One of the biggest gateways for data loss is not always the hacker who cracks a password, but the gullible employee who gives an app access to his data. “This app wants to read your contacts and send emails” – a quick click on “Accept” and the data will flow out.
To minimize this risk (“Illicit Consent Grant”) and retain GDPR sovereignty, we need to control who is allowed to grant access to whom.
1. User Consent Settings
Here you decide whether your employees are allowed to install third-party apps independently and feed them with company data.
Path: Identity > Applications > Enterprise Applications > Consent and Permissions > User Consent Settings
Recommended configuration:
- User consent for applications: → do not allow user consent.
- Why: This is the safest option. It prevents users from arbitrarily authorizing apps that could siphon off data. An administrator is then required for each app.
- Alternative (less strict): “Allow user consent for apps from verified publishers for selected permissions”.
- This allows users to install apps if two conditions are met: 1. The manufacturer is verified by Microsoft AND 2. The app only requires harmless rights (see point 3 “Classification”).

2. The admin consent workflow
If you block user consent at the top, employees will encounter an error message when they need a useful app. That is frustrating. The solution is the admin consent workflow.
Instead of “Access denied”, the user will then see a window: “Request approval by admin”.

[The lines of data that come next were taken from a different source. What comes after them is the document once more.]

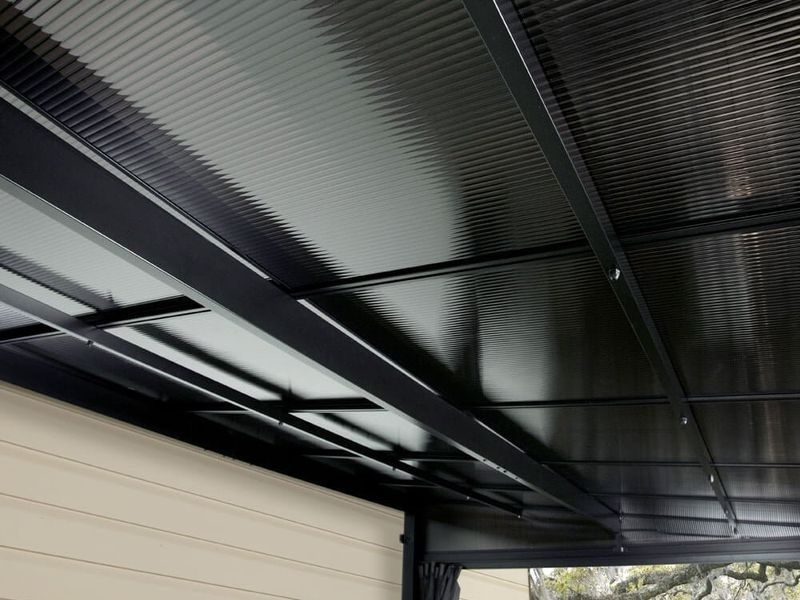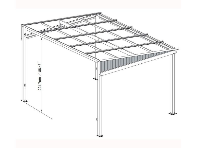 Das Dach besteht aus 8 mm starken Doppelwandplatten und zwei Verstärkungsprofilen. Es ist UV-beständig und hält einer Last von bis zu 125 kg/m² stand. Dadurch kann die Pergola ganzjährig stehen bleiben. Die Dachpaneele sind wasserdicht und trotzen den Witterungsbedingungen zuverlässig.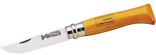 Biztonsági kés ütközővel, amely a pengét nyitott helyzetben tartja. Fa nyél felületkezeléssel. A penge szénacélból kovácsolt.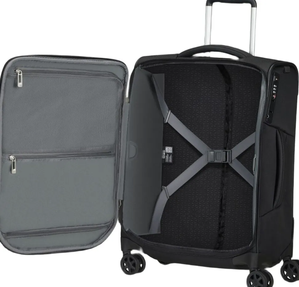 Kabinekuffert hvor både et indvendige og udvendige stor er lavet af genbrugte plastflasker, 4 dobbelte hjul, TSA lås , dobbelt trollystativ, navneskilt, låsbar frontlomme, vægt 2,4 kg,rumindhold 43 l, 5 års garanti,55x40x20 cm.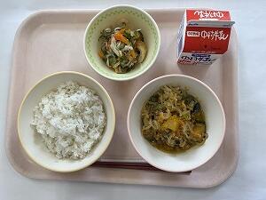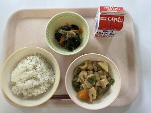 今日の給食は、ご飯、魚の煮物、和え物、汁物という「和食」です。平成25年に、「和食」がユネスコの無形文化遺産に登録されました。世界中が和食に注目しています。それは、日本では、季節や地域ごとに、新鮮な食材を生かした料理が昔から作られてきたことが魅力の一つです。みなさんは、春夏秋冬の四季があるのは、日本だけということを知っていましたか?季節の移り変わりがあることで、四季折々のいろいろな食材が収穫されます。また、昆布や煮干しからとっただしには「うまみ」がたっぷりでています。その「うまみ」を使って汁や煮物を作るため、おいしさが増して味付けに使う調味料が少なくて済みます。薄味でいつまでもあきのこない味に仕上がります。この「うまみ」は他の国にはない食文化です。日本特有の食文化を受け継いでいきたいですね。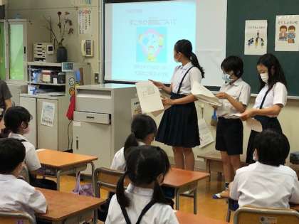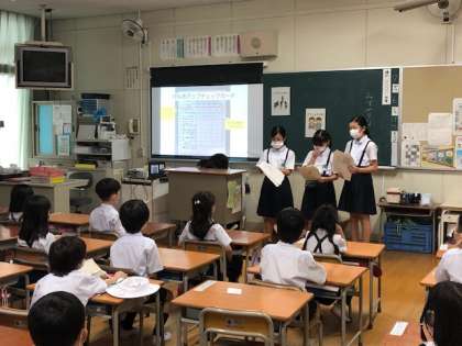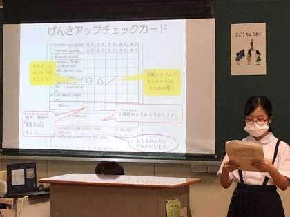 今日は、放送朝会で保健委員会からのお知らせのあと、初めて取り組む1年生には、保健委員会の6年生が説明にいきました。毎日、「げんきアップチェックカード」に、体温や生活の様子を振り返り記入します。週末には、保護者の皆様から子どもたちの取り組みへのコメントをいただきたいと思います。1週間一緒に取り組んでいただければと思います。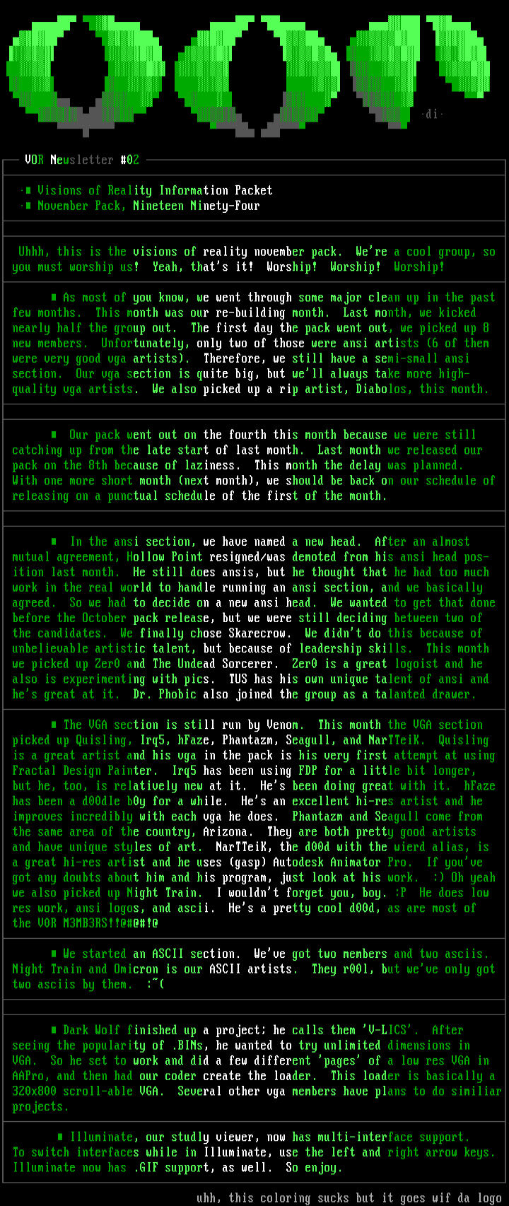 VOR Newsletter 02 Visions of Reality Information Packet November Pack, Nineteen Ninety-Four Uhhh, this is the visions of reality november pack. Were a cool group, so you must worship us! Yeah, thats it! Worship! Worship! Worship! As most of you know, we went through some major clean up in the past few months. This month was our re-building month. Last month, we kicked nearly half the group out. The first day the pack went out, we picked up 8 new members. Unfortunately, only two of those were ansi artists 6 of them were very good vga artists. Therefore, we still have a semi-small ansi section. Our vga section is quite big, but well always take more high- quality vga artists. We also picked up a rip artist, Diabolos, this month. Our pack went out on the fourth this month because we were still catching up from the late start of last month. Last month we released our pack on the 8th because of laziness. This month the delay was planned. With one more short month next month, we should be back on our schedule of releasing on a punctual schedule of the first of the month. In the ansi section, we have named a new head. After an almost mutual agreement, Hollow Point resigned/was demoted from his ansi head pos- ition last month. He still does ansis, but he thought that he had too much work in the real world to handle running an ansi section, and we basically agreed. So we had to decide on a new ansi head. We wanted to get that done before the October pack release, but we were still deciding between two of the candidates. We finally chose Skarecrow. We didnt do this because of unbelievable artistic talent, but because of leadership skills. This month we picked up Zer0 and The Undead Sorcerer. Zer0 is a great logoist and he also is experimenting with pics. TUS has his own unique talent of ansi and hes great at it. Dr. Phobic also joined the group as a talanted drawer. The VGA section is still run by Venom. This month the VGA section picked up Quisling, Irq5, hFaze, Phantazm, Seagull, and NarTTeiK. Quisling is a great artist and his vga in the pack is his very first attempt at using Fractal Design Painter. Irq5 has been using FDP for a little bit longer, but he, too, is relatively new at it. Hes been doing great with it. hFaze has been a d00dle b0y for a while. Hes an excellent hi-res artist and he improves incredibly with each vga he does. Phantazm and Seagull come from the same area of the country, Arizona. They are both pretty good artists and have unique styles of art. NarTTeiK, the d00d with the wierd alias, is a great hi-res artist and he uses gasp Autodesk Animator Pro. If youve got any doubts about him and his program, just look at his work. : Oh yeah we also picked up Night Train. I wouldnt forget you, boy. :P He does low res work, ansi logos, and ascii. Hes a pretty cool d00d, as are most of the V0R M3MB3RS!!@@!@ We started an ASCII section. Weve got two members and two asciis. Night Train and Omicron is our ASCII artists. They r00l, but weve only got two asciis by them. : Dark Wolf finished up a project he calls them V-LICS. After seeing the popularity of .BINs, he wanted to try unlimited dimensions in VGA. So he set to work and did a few different pages of a low res VGA in AAPro, and then had our coder create the loader. This loader is basically a 320x800 scroll-able VGA. Several other vga members have plans to do similiar projects. Illuminate, our studly viewer, now has multi-interface support. To switch interfaces while in Illuminate, use the left and right arrow keys. Illuminate now has .GIF support, as well. So enjoy. uhh, this coloring sucks but it goes wif da logo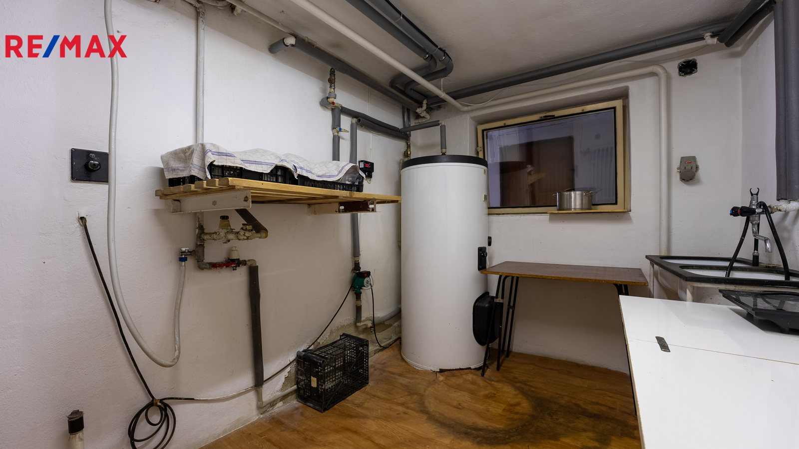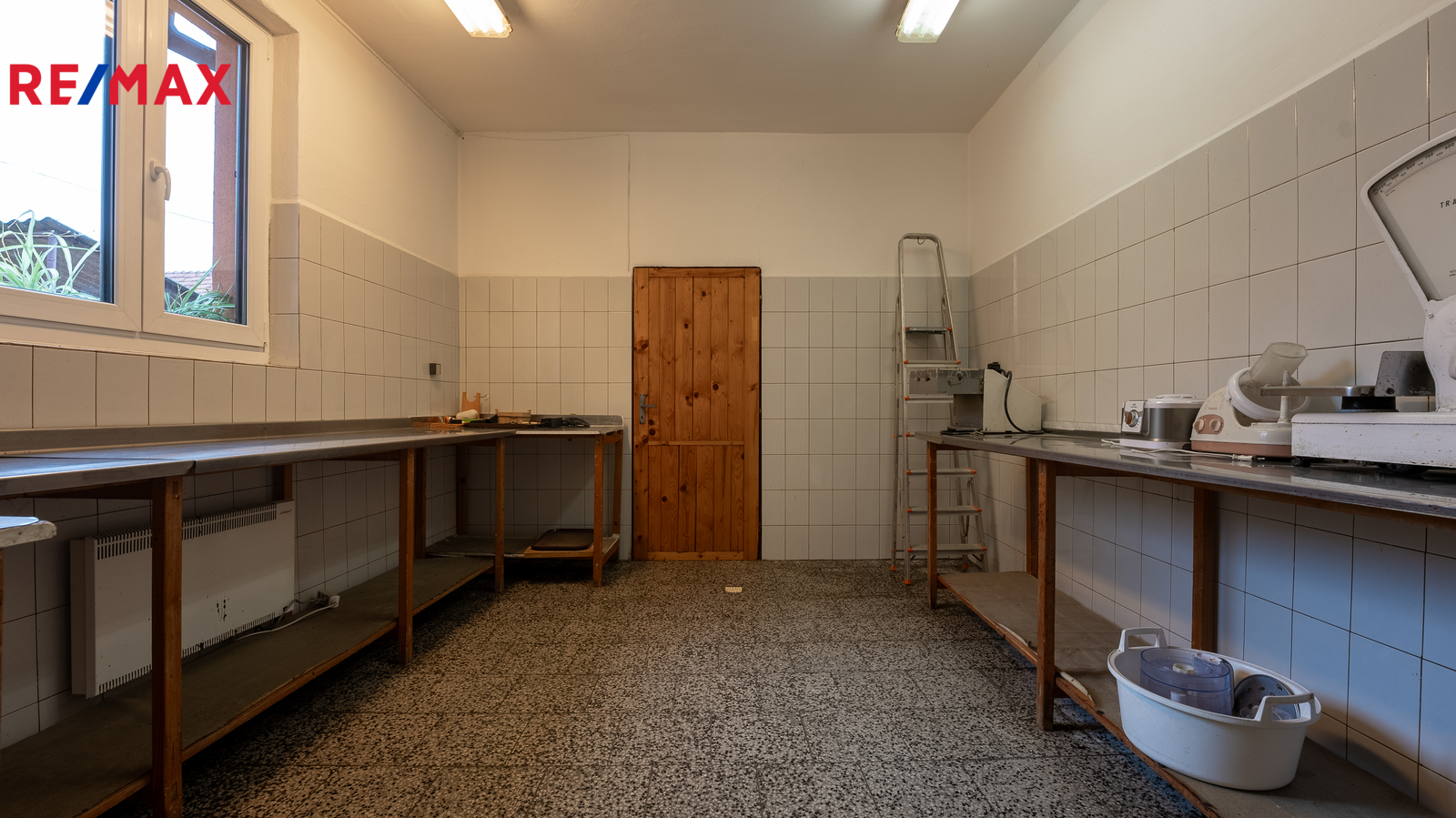 V suterénu domu jde nachází bývalá výrobna studené kuchyně se sklady, umývárnou a technickou místností.

Path: Identity > Applications > Enterprise Applications > Consent and Permissions > Administrator Consent Settings
Recommended configuration:
- Users can request admin consent for apps…: → Yes.
- Why: This is the only way admins can find out which tools are needed in the company without blocking users.
- Who can review requests?: → Select users (e.g., IT managers), groups (e.g., help desk), or roles .
- Notifications: Set both switches to Yes so that the reviewers are informed by email and no request gets lost.

3. Authorization Classifications
This area is especially important if you chose the “middle ground” (Verified Publishers) in Step 1. Here you define what “low risk” actually means.
Path: Identity > Applications > Enterprise Applications > Consent and Permissions > Permission Classifications
Here you can choose which permissions are classified as Low. Apps that only require these rights are likely to be installed by users themselves (in the middle of the way scenario).
Recommended “Low Risk” permissions: Microsoft suggests starting with the most commonly used, innocuous permissions:
User.Read(Log in and read profile)offline_access(Keep access)openid(User Login)profile(View basic profile)email(Show email address)
Add it under the “Low” tab. Anything beyond that (e.g. “read files” or “send emails”) is automatically considered a higher risk and requires an admin.